Here’s how China can fund its third plenum goal of high-quality development
There is a major disconnect between the on-the-ground realities in China and the wishes of external China-watchers looking for tangible evidence the authorities will support a more market-friendly growth strategy. This explains why China’s equity markets have underperformed global averages.
While tepid second-quarter economic results might raise concern among officials, strong exports and robust manufacturing are seen as good enough to realise this year’s growth target of around 5 per cent. Calls for an expansionary programme on the scale of what China carried out for the 2008 global financial crisis are unrealistic given the country’s weakened financial position after the Covid-19 pandemic and years of smaller stimulus efforts.
The distressed property market is the result of local authorities relying too heavily on property development to fund their spending obligations given inadequate budgetary revenues. Thus, the most urgent priority is comprehensive fiscal reform with the dual purpose of securing more revenue and aligning the spending responsibilities of central and local authorities with their available financing. References to fiscal reforms were part of the third plenum discussions, but their realisation remains uncertain.
A man reads a newspaper near a front-page photo of President Xi Jinping on an article about the conclusion of the third plenum, at a display board on a sidewalk in Beijing on July 19. Photo: AFP
For the foreign policy and academic community, many of the reforms highlighted in the third plenum discussions are seen as tinkering around the edges. They are institutional and regulatory refinements rather than sending a clear signal that market forces, not the state, will take the lead in guiding private sector activities, which was a point underscored in the 2013 third plenum.

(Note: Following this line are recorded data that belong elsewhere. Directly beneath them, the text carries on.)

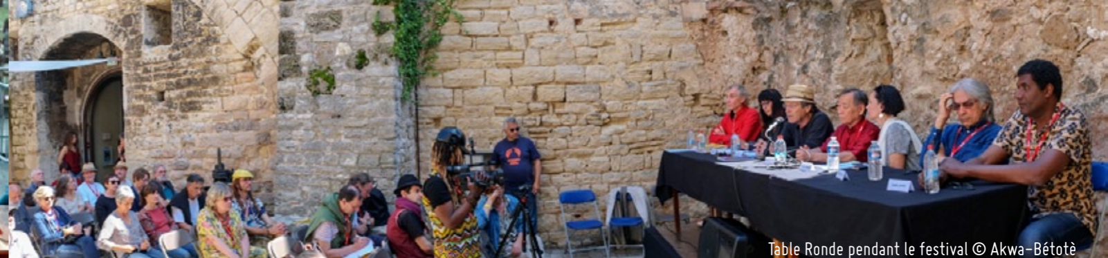
Table Ronde pendant le festival
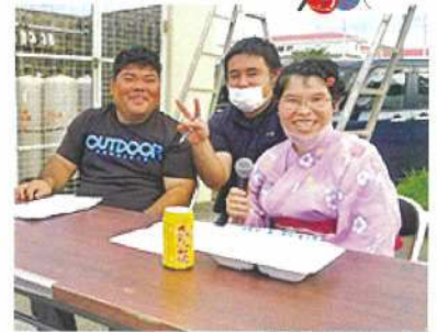
会社バッチリ任せて!
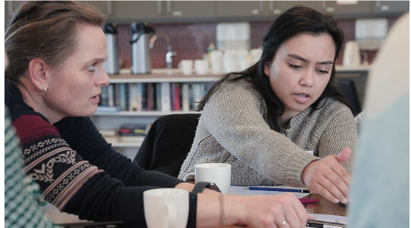
Foredrag – diskusjoner – praktiske aktiviteter

But China’s goal of becoming more technologically self-sufficient is largely state-driven and reinforced by the increasing tensions with the United States. Pouring more resources into hi-tech activities could be risky since many endeavours might not succeed or, if they do, will only show results years later.
With both central and local government budgets under pressure and banks struggling to absorb the recent build-up in non-performing loans, the problem lies in finding enough money to fund these initiatives while also supporting more traditional social programmes to sustain growth in consumption. Thus, the challenge is implementing reforms that generate immediate increases in productivity and growth without weakening the government’s financial position.
The most obvious solution is abolishing China’s outdated hukou system, a vestige of the centrally planned economy that was designed to manage the movement of households by restricting their access to locally provided social services. Liberalising the hukou system used to be seen as an equity issue, but in the run-up to the third plenum, the economic implications have become just as important.
Workers clean dishes outside a restaurant in the Heiqiaocun migrant village in Beijing. China’s capital relies on migrant labour to keep its economy humming and people from across the country are drawn to the city by the promise of a better life, but high real estate prices and China’s restrictive hukou residence registration system have driven many into shanty towns on Beijing’s periphery. Photo: AFP
Migrant households have a higher savings rate than households with hukou given that they cannot access local services and buy property. Giving some 300 million migrants full residency rights would ratchet up consumption demand and stimulate GDP growth at little cost to local governments since their increased spending would buoy tax revenues and uplift the depressed property market.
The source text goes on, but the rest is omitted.